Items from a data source
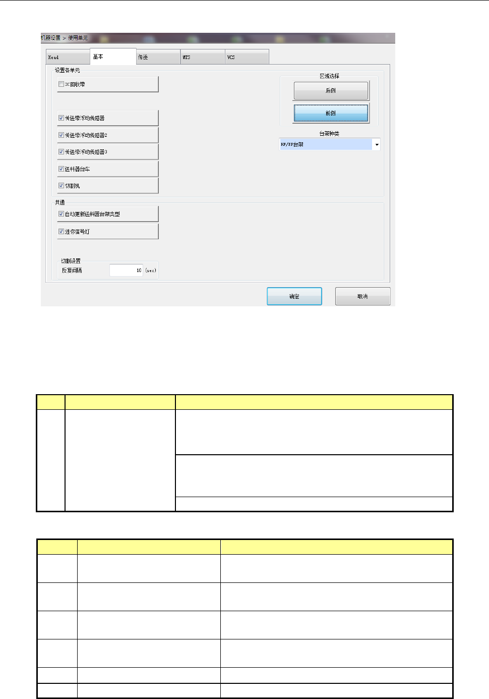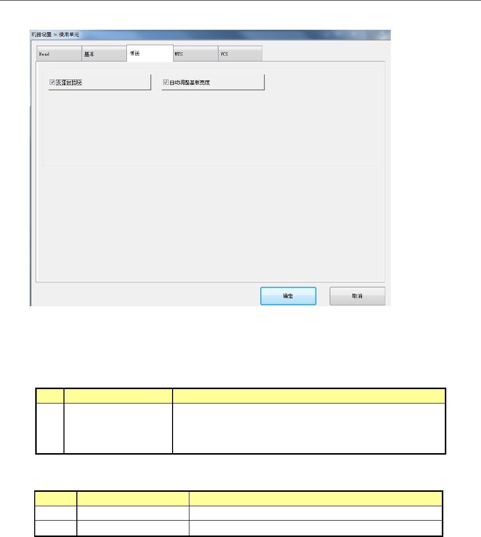 第 2 部 功能详解篇 第 8 章 机器设置 8-8 8-3-1- 2 基本 选择 基本,会显示 以下画面。 点击各选项卡, 可指定 [ Head ] 、 [ 基本 ] 、 [ 传送 ] 、 [MTS] 、 [VCS] 。 (1) 设置项目 No. 项目 设置内容 1 基本 指定单元的 使用/不使用。 万一单元发生故 障时, 若本项目里设置为 “ 不使用单元 ” , 可在不变更生产 程序数据的情况 下执行吸取贴 片。 显示各个台架的 台…
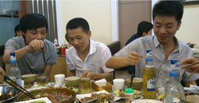 五一過后,成都的溫度驟升至33度,讓所有人都有點不適應。昨日趁著天氣微涼,公司領導帶領全公司員工在單位附近的“自貢香香嘴”舉辦了一次聚餐活動。大家都知道,自貢菜是出名的辣,這不,看看同事們,吃著辣辣的自貢菜,喝著小酒,是不是感覺很愜意呢?
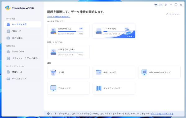 4-1 保存場所を選択する Tenorshare 4DDiGをパソコンにインストールして起動します。メイン画面で、写真が保存されていた場所(デスクトップ、ゴミ箱、または外付けHDDなど)を選択し、「スキャン」をクリックします。
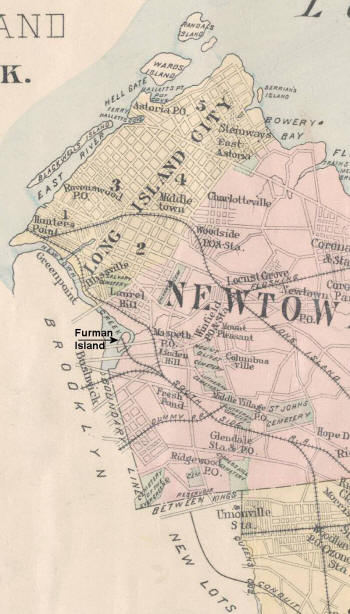 ![]() Newtown Creek - Furman's Island - Queens County map -1891 Archive: Don Mawsey |
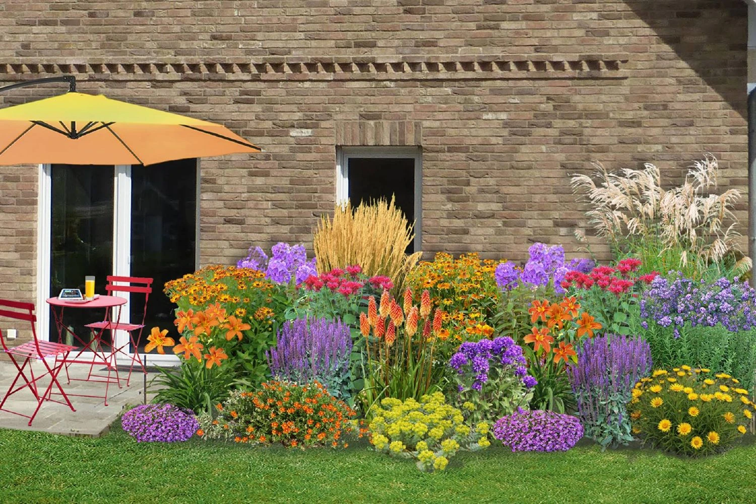 Wer das Beetpaket ‚Leuchtfeuer‘ pflanzt, sorgt für fröhliche Farbtupfer von April bis Oktober. Den Auftakt bildet im April lila Blaukissen, das im Mai rasch Begleitung von violettem Ziersalbei, limettenfarbiger Walzenwolfsmilch und orangefarbenem Sonnenröschen erhält. Kommt der Hochsommer läuft auch das Beet zu Hochformen auf. Nun folgen die exotisch anmutende Fackellilie mit ihren bürstenförmigen Blüten, aromatische Indianernessel in Blutrot, duftende Hohe Flammenblume, strahlend gelber Alant, lilablaue Knäuelglockenblume sowie blühfreudige Taglilien. Im Spätsommer und Frühherbst ergänzen orangefarbene Sonnenbraut und samtig-violette Raublattaster das Ensemble. Für die nötige Struktur im Beet sorgen Ziergräser wie Garten-Reitgras und hohes Chinaschilf. Ab Juli bilden sie ihre Blüten aus. Dabei formt das Reitgras straff aufrechte Halme, die sich sanft im Wind wiegen, während das Chinaschilf im Herbst mit atemberaubenden, federartigen Samenständen aufwartet, die an die Silberregen eines Feuerwerks erinnern.
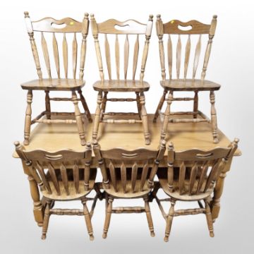 A contemporary oak kitchen table, length 167 cm, and six chairs
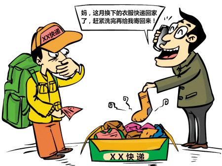 在3月9日晚全国“两会”新闻中心举行的网络访谈中,国家邮政局市场监管司副司长刘良一爆料:由于快递业务的便捷,眼下,高校学生把积攒的脏衣服寄洗,再通过快递寄回来,成了邮政的一种新业务。(3月11日《长沙晚报》)
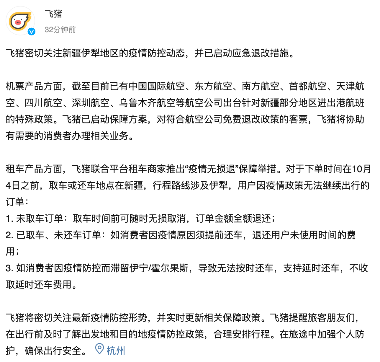 10月4日,@飞猪 表示,公司密切关注新疆伊犁地区的疫情防控动态,并已启动应急退改措施。

§ ACTION ITEM: Retype word for word the span of lines above that begins with the line containing "A contemporary oak" and ends with the last line of the records; skip all pictures.

§ RESPONSE FOR THIS EXERCISE:
 A contemporary oak kitchen table, length 167 cm, and six chairs
 在3月9日晚全国“两会”新闻中心举行的网络访谈中,国家邮政局市场监管司副司长刘良一爆料:由于快递业务的便捷,眼下,高校学生把积攒的脏衣服寄洗,再通过快递寄回来,成了邮政的一种新业务。(3月11日《长沙晚报》)
 10月4日,@飞猪 表示,公司密切关注新疆伊犁地区的疫情防控动态,并已启动应急退改措施。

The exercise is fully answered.